[libcxx-commits] [libcxx] [libcxx] adds a size-based representation for `vector`'s unstable ABI (PR #155330)

Christopher Di Bella via libcxx-commits libcxx-commits at lists.llvm.org
Wed Feb 11 00:36:10 PST 2026


================
@@ -0,0 +1,443 @@
+//===----------------------------------------------------------------------===//
+//
+// Part of the LLVM Project, under the Apache License v2.0 with LLVM Exceptions.
+// See https://llvm.org/LICENSE.txt for license information.

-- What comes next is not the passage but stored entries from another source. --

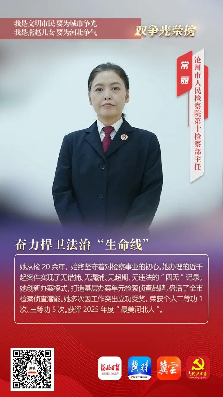 她从检20余年,始终坚守着对检察事业的初心。她办理的近千起案件实现了无错捕、无漏捕、无超期、无违法的“四无”记录。她创新办案模式,打造基层办案单元检察侦查品牌,盘活了全市检察侦查潜能。她多次因工作突出立功受奖,荣获个人二等功1次、三等功5次。获评2025年度“最美河北人”。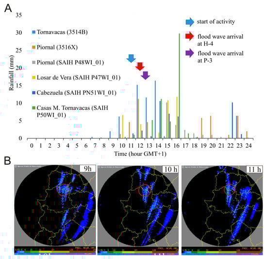 (A) Rainfall of the 2017 event at Jerte valley stations (Source: SAIH Tajo). (B) Radar rainfall data from 9:00 to 11:00 (GMT + 1) (source: AEMET). Colored arrows indicate the start of activity (blue) and the flood wave’s arrival at Hoyos and Papúos.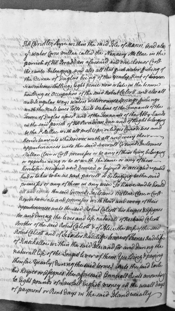 - A lease document granting Robert Calcott tenure of the Nunnery Mill in Braddan parish, Isle of Man, along with associated water rights, fishing privileges, and lands in Douglas. The lease is granted for the natural lives of Richard Calcott, Alice Calcott, and Silvester Radcliffe, with annual rent of eight pounds due to the Earl.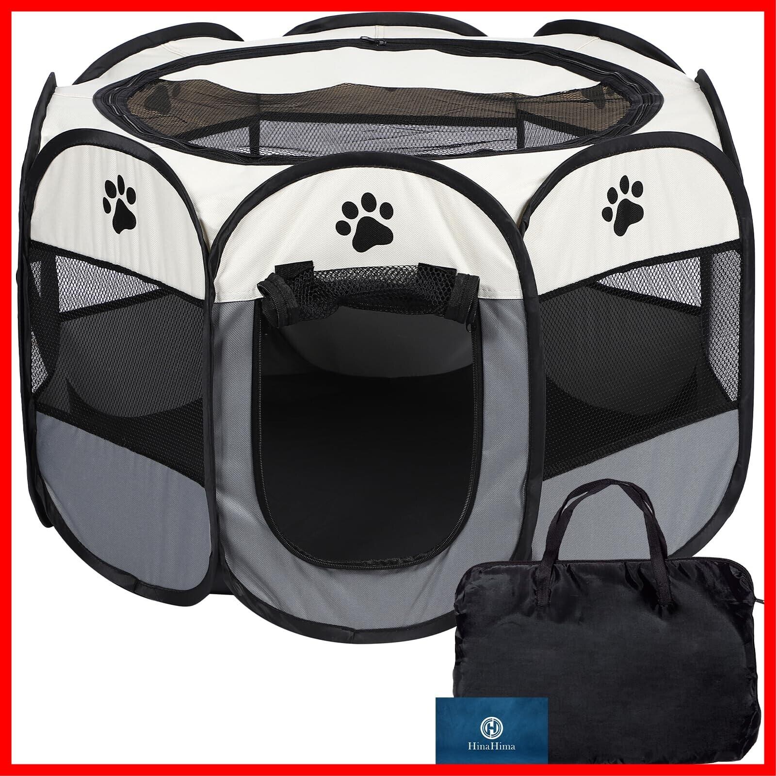 HinaHima 折りたたみ式 ペットサークル 収納バッグ付き 組み立て不要 猫 犬用 ケージ 幅74cm×高さ43cm (M, グレー)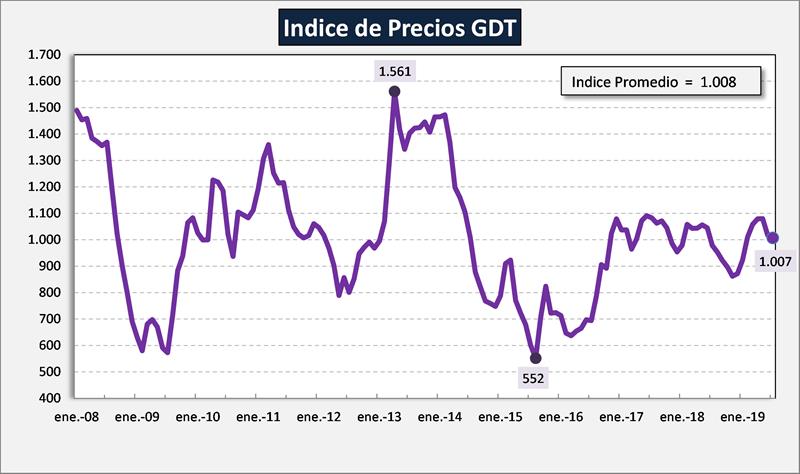 El índice de precios GDT mide el movimiento de todos los precios publicados para los productos vendidos en GDT, mientras que los índices de productos individuales describen el movimiento en los precios para un tipo de producto específico.

+// SPDX-License-Identifier: Apache-2.0 WITH LLVM-exception
+//
+//===----------------------------------------------------------------------===//
+
+#ifndef _LIBCPP___VECTOR_LAYOUT_H
+#define _LIBCPP___VECTOR_LAYOUT_H
+
+#include <__assert>
+#include <__config>
+#include <__memory/allocator_traits.h>
+#include <__memory/compressed_pair.h>
+#include <__memory/swap_allocator.h>
+#include <__split_buffer>
+#include <__type_traits/is_nothrow_constructible.h>
+#include <__utility/move.h>
+#include <__utility/swap.h>
+
+#if !defined(_LIBCPP_HAS_NO_PRAGMA_SYSTEM_HEADER)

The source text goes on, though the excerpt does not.